**PROMPT**
When you reach the line with "Δήμος Πύργου: Εγκαινιάζεται" in the data below, begin printing lines exactly, and stop once the line with "Manchester City Man" has been printed.

**DATA SUPPLIED**
>>
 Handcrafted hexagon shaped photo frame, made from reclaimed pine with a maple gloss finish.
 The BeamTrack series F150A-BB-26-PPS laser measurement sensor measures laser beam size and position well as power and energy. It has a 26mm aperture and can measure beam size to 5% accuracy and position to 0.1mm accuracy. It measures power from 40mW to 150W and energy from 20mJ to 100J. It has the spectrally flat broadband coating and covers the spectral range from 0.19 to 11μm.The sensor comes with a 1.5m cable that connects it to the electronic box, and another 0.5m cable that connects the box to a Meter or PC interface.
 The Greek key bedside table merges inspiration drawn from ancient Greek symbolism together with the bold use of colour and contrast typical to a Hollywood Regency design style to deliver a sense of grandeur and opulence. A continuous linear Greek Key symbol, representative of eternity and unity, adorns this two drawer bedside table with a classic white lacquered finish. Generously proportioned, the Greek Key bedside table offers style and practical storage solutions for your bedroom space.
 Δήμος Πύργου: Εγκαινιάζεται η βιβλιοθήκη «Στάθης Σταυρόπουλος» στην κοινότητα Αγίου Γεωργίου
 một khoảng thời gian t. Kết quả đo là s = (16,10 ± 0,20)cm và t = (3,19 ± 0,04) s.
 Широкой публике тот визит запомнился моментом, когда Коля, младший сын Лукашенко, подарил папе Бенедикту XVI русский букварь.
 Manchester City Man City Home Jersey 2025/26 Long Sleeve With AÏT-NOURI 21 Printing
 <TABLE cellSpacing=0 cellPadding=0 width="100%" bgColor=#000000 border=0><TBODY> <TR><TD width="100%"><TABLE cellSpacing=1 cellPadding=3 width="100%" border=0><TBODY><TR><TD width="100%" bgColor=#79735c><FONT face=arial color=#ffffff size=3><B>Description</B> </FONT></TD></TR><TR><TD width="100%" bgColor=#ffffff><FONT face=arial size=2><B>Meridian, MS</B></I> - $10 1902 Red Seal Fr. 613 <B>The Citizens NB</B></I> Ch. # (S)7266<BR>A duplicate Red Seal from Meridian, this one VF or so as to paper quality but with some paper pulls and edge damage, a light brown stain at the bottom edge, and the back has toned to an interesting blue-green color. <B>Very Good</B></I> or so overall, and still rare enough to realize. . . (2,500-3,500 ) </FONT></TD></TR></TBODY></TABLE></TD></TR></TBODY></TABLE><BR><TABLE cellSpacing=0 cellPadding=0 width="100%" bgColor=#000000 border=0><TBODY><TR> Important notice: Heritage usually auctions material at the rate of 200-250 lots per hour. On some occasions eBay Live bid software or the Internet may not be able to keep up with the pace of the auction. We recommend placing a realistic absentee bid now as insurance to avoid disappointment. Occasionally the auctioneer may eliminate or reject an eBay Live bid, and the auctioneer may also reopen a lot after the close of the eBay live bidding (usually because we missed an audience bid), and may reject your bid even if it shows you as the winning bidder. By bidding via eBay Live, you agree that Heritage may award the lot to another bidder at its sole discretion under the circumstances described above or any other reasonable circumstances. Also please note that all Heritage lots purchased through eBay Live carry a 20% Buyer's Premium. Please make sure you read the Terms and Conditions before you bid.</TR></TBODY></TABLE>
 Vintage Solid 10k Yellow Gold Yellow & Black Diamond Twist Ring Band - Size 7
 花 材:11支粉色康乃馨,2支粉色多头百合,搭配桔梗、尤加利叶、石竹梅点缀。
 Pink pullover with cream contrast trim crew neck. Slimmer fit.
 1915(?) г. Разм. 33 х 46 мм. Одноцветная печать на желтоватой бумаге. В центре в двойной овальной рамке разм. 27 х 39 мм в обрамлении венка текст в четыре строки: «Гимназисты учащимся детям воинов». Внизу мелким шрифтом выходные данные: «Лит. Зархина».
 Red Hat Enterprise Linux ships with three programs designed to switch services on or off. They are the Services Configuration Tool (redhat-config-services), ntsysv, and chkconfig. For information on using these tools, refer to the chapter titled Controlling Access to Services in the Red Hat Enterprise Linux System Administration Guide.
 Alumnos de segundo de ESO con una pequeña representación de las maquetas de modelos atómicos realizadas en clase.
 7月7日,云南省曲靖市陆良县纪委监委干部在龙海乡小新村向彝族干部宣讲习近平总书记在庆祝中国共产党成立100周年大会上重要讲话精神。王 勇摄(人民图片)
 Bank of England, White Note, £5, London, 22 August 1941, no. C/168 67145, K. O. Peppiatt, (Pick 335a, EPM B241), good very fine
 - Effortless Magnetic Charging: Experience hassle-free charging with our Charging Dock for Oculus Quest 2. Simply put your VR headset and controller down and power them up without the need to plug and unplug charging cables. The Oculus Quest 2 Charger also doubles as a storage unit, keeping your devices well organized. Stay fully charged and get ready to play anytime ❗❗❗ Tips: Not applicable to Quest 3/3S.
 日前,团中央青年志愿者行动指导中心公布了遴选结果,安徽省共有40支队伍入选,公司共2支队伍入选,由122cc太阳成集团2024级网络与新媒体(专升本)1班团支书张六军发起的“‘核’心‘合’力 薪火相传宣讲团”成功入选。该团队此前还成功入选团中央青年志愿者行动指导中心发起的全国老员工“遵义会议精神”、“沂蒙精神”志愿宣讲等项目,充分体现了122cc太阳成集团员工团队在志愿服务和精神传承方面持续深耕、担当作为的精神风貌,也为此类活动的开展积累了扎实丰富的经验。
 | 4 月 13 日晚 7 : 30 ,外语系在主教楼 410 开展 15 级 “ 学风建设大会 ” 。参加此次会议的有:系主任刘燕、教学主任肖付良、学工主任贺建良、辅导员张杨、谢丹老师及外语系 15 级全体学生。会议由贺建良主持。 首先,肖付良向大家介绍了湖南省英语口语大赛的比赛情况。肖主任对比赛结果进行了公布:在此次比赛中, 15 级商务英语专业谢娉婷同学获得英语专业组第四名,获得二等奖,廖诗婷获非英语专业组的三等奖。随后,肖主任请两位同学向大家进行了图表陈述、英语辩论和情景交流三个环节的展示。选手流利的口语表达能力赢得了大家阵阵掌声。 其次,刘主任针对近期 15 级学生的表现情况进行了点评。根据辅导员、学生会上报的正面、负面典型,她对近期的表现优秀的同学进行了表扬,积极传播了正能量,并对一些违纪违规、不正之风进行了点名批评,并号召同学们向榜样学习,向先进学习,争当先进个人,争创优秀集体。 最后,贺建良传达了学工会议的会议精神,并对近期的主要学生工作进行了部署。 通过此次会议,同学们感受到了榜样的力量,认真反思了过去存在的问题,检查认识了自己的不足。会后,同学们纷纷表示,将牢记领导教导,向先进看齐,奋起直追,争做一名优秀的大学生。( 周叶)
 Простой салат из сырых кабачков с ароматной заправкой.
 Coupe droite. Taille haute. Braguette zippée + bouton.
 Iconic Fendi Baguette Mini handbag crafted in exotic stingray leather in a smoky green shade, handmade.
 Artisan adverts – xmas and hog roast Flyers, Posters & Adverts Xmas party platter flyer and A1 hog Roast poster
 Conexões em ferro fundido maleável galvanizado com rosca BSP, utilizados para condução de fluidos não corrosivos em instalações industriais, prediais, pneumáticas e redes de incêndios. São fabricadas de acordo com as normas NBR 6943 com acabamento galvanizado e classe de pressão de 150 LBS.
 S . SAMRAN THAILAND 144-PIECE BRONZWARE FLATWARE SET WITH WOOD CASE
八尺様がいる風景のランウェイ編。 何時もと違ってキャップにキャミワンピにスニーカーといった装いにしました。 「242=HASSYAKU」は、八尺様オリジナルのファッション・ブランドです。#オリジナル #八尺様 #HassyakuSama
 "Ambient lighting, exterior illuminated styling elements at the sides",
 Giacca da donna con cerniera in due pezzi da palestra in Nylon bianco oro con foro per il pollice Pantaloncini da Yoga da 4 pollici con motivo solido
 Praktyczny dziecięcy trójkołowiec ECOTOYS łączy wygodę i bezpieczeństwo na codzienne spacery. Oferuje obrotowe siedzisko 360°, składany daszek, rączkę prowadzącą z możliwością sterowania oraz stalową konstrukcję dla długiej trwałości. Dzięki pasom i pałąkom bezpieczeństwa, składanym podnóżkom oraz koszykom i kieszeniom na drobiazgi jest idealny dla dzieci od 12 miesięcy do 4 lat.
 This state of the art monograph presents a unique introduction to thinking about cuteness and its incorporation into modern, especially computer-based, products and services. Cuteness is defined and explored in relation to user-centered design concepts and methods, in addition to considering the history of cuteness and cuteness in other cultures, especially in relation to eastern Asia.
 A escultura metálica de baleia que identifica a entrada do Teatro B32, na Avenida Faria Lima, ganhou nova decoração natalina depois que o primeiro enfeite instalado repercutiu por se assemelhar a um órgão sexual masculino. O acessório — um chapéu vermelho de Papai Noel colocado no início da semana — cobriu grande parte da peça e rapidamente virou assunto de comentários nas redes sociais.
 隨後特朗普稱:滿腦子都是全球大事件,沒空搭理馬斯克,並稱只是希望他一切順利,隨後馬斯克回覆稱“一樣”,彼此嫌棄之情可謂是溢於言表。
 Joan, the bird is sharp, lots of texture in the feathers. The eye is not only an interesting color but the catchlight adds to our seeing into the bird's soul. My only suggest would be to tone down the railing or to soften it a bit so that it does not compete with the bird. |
<<
**RESPONSE BOX**
 Δήμος Πύργου: Εγκαινιάζεται η βιβλιοθήκη «Στάθης Σταυρόπουλος» στην κοινότητα Αγίου Γεωργίου
 một khoảng thời gian t. Kết quả đo là s = (16,10 ± 0,20)cm và t = (3,19 ± 0,04) s.
 Широкой публике тот визит запомнился моментом, когда Коля, младший сын Лукашенко, подарил папе Бенедикту XVI русский букварь.
 Manchester City Man City Home Jersey 2025/26 Long Sleeve With AÏT-NOURI 21 Printing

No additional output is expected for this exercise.